Data to process:

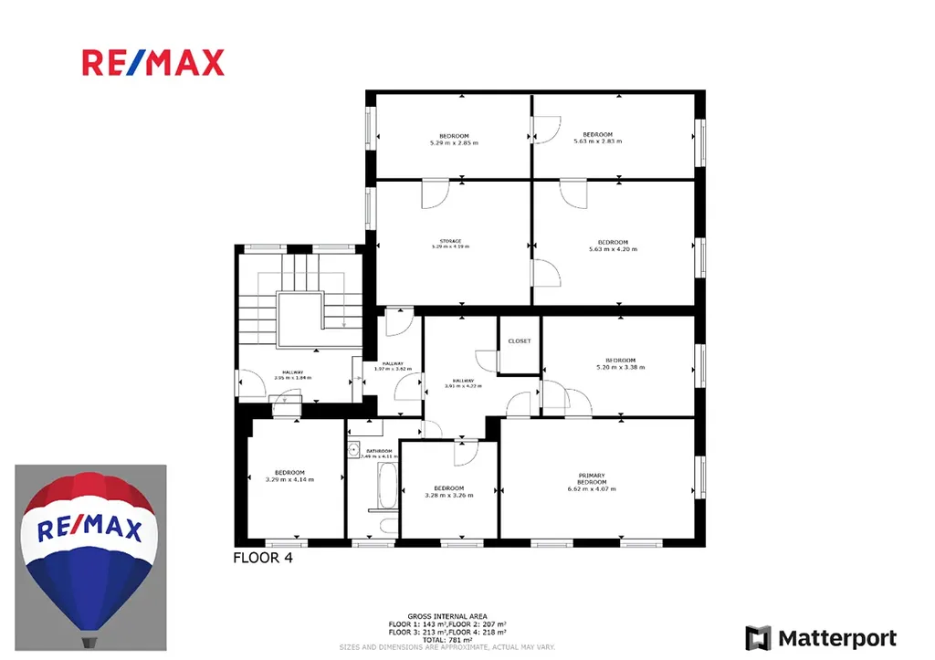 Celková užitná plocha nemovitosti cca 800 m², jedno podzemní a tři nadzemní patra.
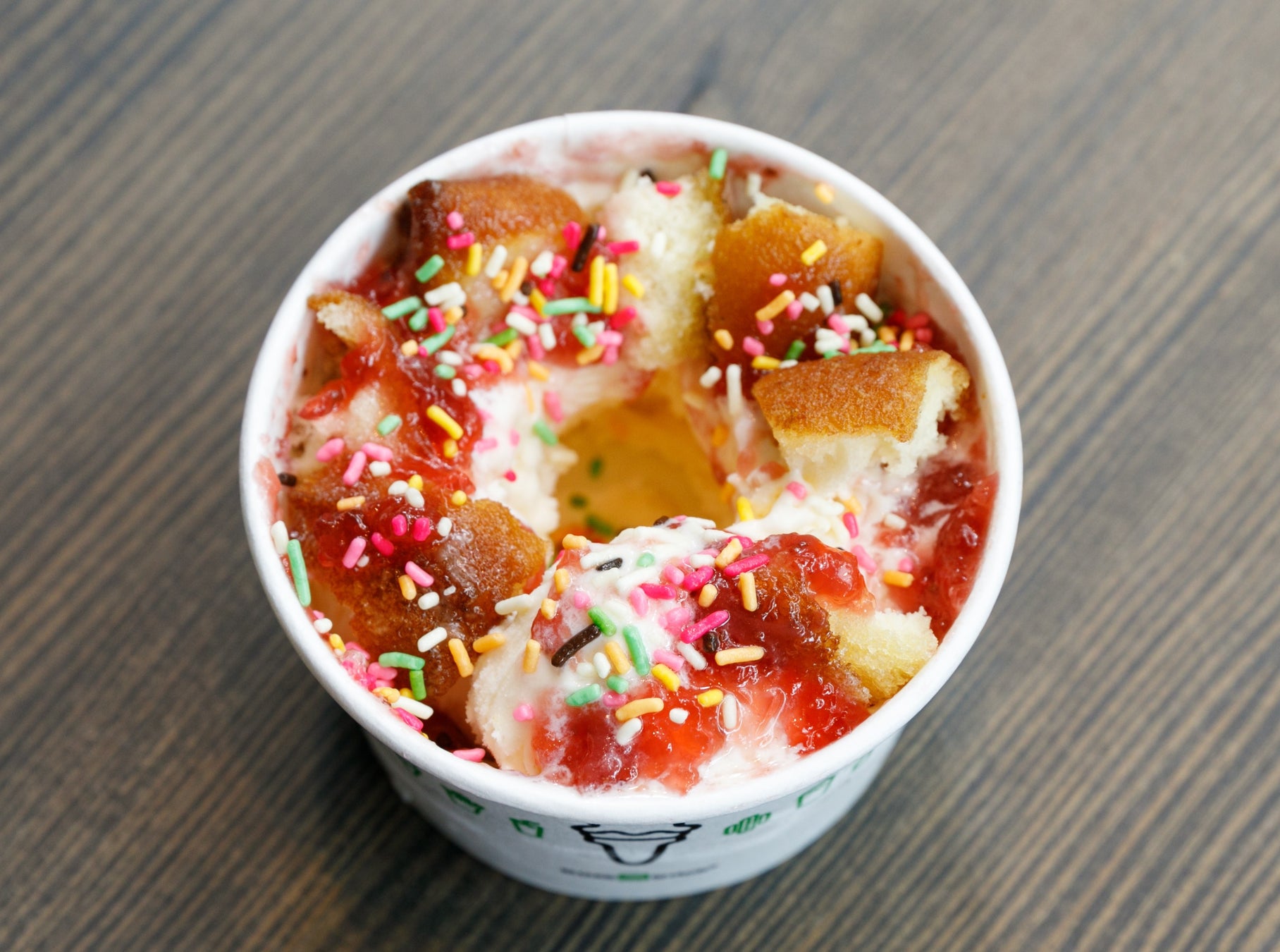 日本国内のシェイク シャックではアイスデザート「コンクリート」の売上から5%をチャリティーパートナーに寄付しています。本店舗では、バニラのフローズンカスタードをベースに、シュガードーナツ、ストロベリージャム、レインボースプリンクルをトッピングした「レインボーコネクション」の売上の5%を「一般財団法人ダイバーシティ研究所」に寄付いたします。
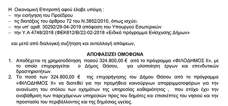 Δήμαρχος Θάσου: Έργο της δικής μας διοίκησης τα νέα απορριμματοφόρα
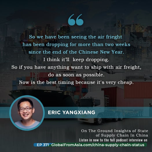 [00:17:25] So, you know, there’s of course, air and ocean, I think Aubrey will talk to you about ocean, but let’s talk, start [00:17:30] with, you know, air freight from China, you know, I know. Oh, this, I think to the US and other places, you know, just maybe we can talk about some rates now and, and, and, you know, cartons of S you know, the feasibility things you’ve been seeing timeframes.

...

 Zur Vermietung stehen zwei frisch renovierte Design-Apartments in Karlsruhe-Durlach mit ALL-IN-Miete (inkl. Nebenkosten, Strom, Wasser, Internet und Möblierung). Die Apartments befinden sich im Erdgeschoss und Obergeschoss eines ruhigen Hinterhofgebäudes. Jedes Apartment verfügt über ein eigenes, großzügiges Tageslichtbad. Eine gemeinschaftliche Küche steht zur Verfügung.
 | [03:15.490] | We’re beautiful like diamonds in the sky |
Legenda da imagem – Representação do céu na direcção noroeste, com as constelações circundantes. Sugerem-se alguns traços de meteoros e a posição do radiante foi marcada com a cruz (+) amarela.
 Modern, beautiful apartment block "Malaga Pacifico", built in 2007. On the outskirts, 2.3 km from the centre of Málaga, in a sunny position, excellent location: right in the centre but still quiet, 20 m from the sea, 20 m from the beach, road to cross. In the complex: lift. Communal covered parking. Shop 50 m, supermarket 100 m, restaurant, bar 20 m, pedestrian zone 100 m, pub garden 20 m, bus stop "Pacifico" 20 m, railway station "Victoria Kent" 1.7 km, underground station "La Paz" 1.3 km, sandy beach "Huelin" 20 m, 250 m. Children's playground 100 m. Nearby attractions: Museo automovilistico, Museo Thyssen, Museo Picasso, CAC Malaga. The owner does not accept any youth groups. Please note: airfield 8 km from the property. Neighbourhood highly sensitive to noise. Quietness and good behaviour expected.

...

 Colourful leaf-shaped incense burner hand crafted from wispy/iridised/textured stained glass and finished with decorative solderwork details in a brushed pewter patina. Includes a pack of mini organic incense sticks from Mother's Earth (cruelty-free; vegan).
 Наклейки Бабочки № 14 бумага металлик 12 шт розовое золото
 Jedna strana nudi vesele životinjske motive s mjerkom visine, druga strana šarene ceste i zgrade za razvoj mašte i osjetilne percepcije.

What to do: Among the lines above, show every one that contains the string "beautiful".

Expected output:
 | [03:15.490] | We’re beautiful like diamonds in the sky |
 Modern, beautiful apartment block "Malaga Pacifico", built in 2007. On the outskirts, 2.3 km from the centre of Málaga, in a sunny position, excellent location: right in the centre but still quiet, 20 m from the sea, 20 m from the beach, road to cross. In the complex: lift. Communal covered parking. Shop 50 m, supermarket 100 m, restaurant, bar 20 m, pedestrian zone 100 m, pub garden 20 m, bus stop "Pacifico" 20 m, railway station "Victoria Kent" 1.7 km, underground station "La Paz" 1.3 km, sandy beach "Huelin" 20 m, 250 m. Children's playground 100 m. Nearby attractions: Museo automovilistico, Museo Thyssen, Museo Picasso, CAC Malaga. The owner does not accept any youth groups. Please note: airfield 8 km from the property. Neighbourhood highly sensitive to noise. Quietness and good behaviour expected.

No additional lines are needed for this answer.